What the task requires — Only the text belongs in the answer: every line of the records below, transcribed exactly.

****

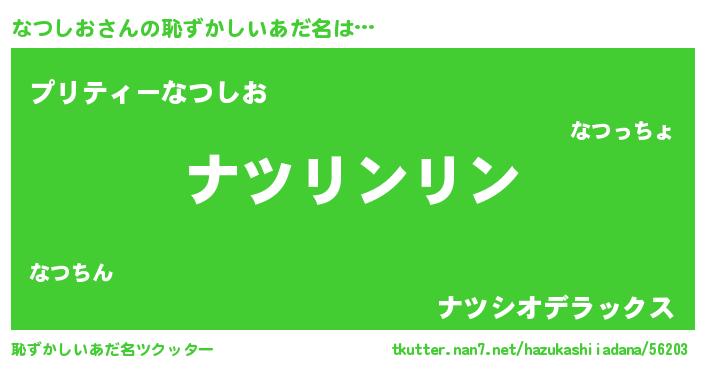 | 意味不明あだ名 | 『とにかく怪しいなつしお』 |
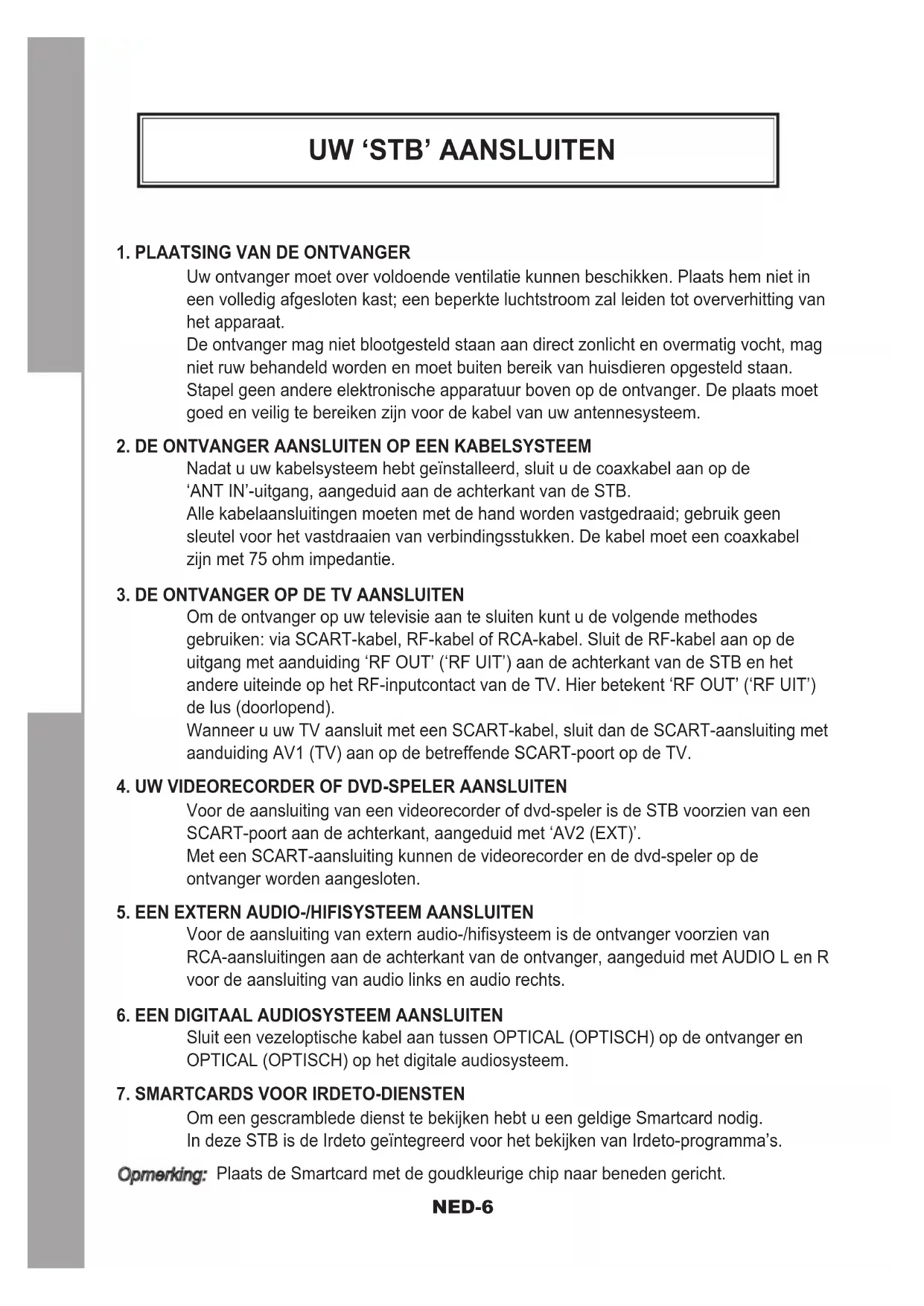 Sluit alle onderdelen aan voordat u de stekkers in het stopcontact steekt. Schakel de STB, TV en andere onderdelen altijd eerst uit, voordat u kabel aansluit of loskoppelt. Voordat u deze STB loskoppelt van de hoofdstroomtoevoer, moet de stekker uit het stopcontact van de hoofdstroomtoevoer verwijderd zijn; daardoor zal de stekker van de hoofdstroomtoevoer direct bruikbaar zijn.
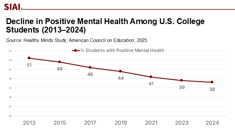 Figure 1: Student mental health has eroded steadily over the past decade, with fewer than 4 in 10 reporting positive well-being in 2024—just as digital mental-health tools proliferated.
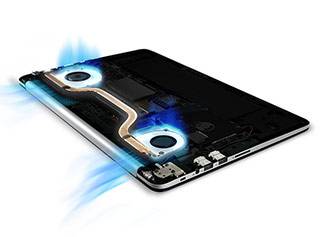 برای خنکسازی واحد پردازندهی مرکزی (CPU) و پردازندهی گرافیکی (GPU) از سیستم ترکیبی فن و لولهی مسی استفاده شده است. دو عدد فن در این سیستم به کار رفته که هر کدام روی یکی از واحدهای پردازشی نصب شدهاند و میتوانند با راندمان بالایی این واحدها را خنک کنند. نتیجه اینکه از گرمشدن بیش از حد سختافزار جلوگیری میشود و سیستمی پایدار برای بازیکردن یا کار سنگین کشیدن از لپتاپ فراهم میآید. در بحث خنکسازی، جا دارد که از فناوری دیگری با نام IceCool هم نام برد. در این فناوری با تغییراتی در مدارات و قطعات قرار گرفته در پایین استراحتگاه دست، دمای این بخش همواره بین 28 تا 35 درجهی سانتیگراد نگه داشته میشود. این بازهی دمایی به مراتب کمتر از دمای طبیعی بدن است و هنگامی که کف دست این خنکای عجیب را زیر خود داشته باشد، صاحباش را تشویق میکند تا ساعتها پشت لپتاپ بنشیند و بازی کند.
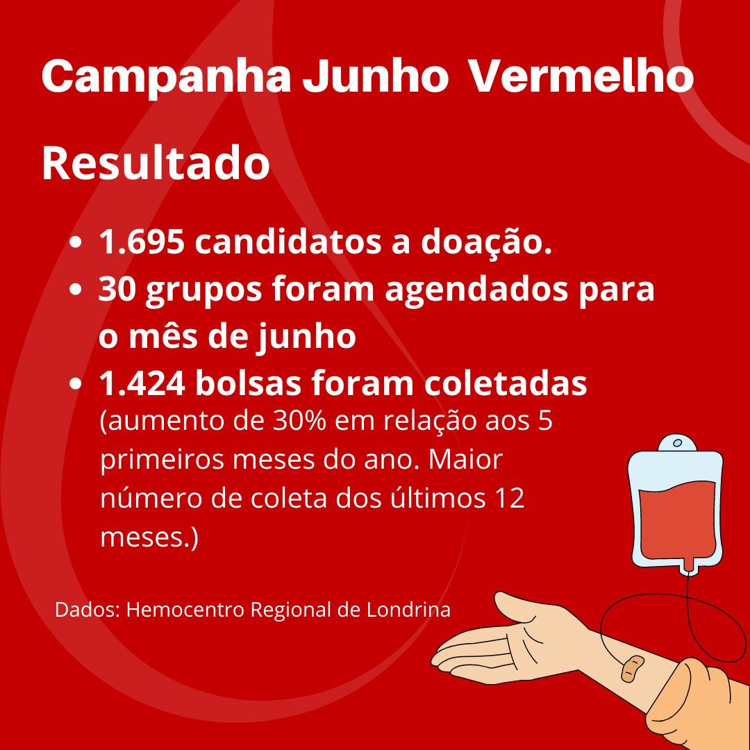 O Hemocentro do Hospital Universitário (H.U.) de Londrina divulgou nesta segunda-feira o resultado da Campanha Junho Vermelho desse ano. Foram 1695 doadores no mês e 30 grupos foram agendados para Junho. Durante a campanha 1424 bolsas foram coletadas, representando um aumento de 30% em relação aos cinco primeiros meses do ano e o maior número de coleta dos últimos 12 meses.

****

Solution to this task —
 | 意味不明あだ名 | 『とにかく怪しいなつしお』 |
 Sluit alle onderdelen aan voordat u de stekkers in het stopcontact steekt. Schakel de STB, TV en andere onderdelen altijd eerst uit, voordat u kabel aansluit of loskoppelt. Voordat u deze STB loskoppelt van de hoofdstroomtoevoer, moet de stekker uit het stopcontact van de hoofdstroomtoevoer verwijderd zijn; daardoor zal de stekker van de hoofdstroomtoevoer direct bruikbaar zijn.
 Figure 1: Student mental health has eroded steadily over the past decade, with fewer than 4 in 10 reporting positive well-being in 2024—just as digital mental-health tools proliferated.
 برای خنکسازی واحد پردازندهی مرکزی (CPU) و پردازندهی گرافیکی (GPU) از سیستم ترکیبی فن و لولهی مسی استفاده شده است. دو عدد فن در این سیستم به کار رفته که هر کدام روی یکی از واحدهای پردازشی نصب شدهاند و میتوانند با راندمان بالایی این واحدها را خنک کنند. نتیجه اینکه از گرمشدن بیش از حد سختافزار جلوگیری میشود و سیستمی پایدار برای بازیکردن یا کار سنگین کشیدن از لپتاپ فراهم میآید. در بحث خنکسازی، جا دارد که از فناوری دیگری با نام IceCool هم نام برد. در این فناوری با تغییراتی در مدارات و قطعات قرار گرفته در پایین استراحتگاه دست، دمای این بخش همواره بین 28 تا 35 درجهی سانتیگراد نگه داشته میشود. این بازهی دمایی به مراتب کمتر از دمای طبیعی بدن است و هنگامی که کف دست این خنکای عجیب را زیر خود داشته باشد، صاحباش را تشویق میکند تا ساعتها پشت لپتاپ بنشیند و بازی کند.
 O Hemocentro do Hospital Universitário (H.U.) de Londrina divulgou nesta segunda-feira o resultado da Campanha Junho Vermelho desse ano. Foram 1695 doadores no mês e 30 grupos foram agendados para Junho. Durante a campanha 1424 bolsas foram coletadas, representando um aumento de 30% em relação aos cinco primeiros meses do ano e o maior número de coleta dos últimos 12 meses.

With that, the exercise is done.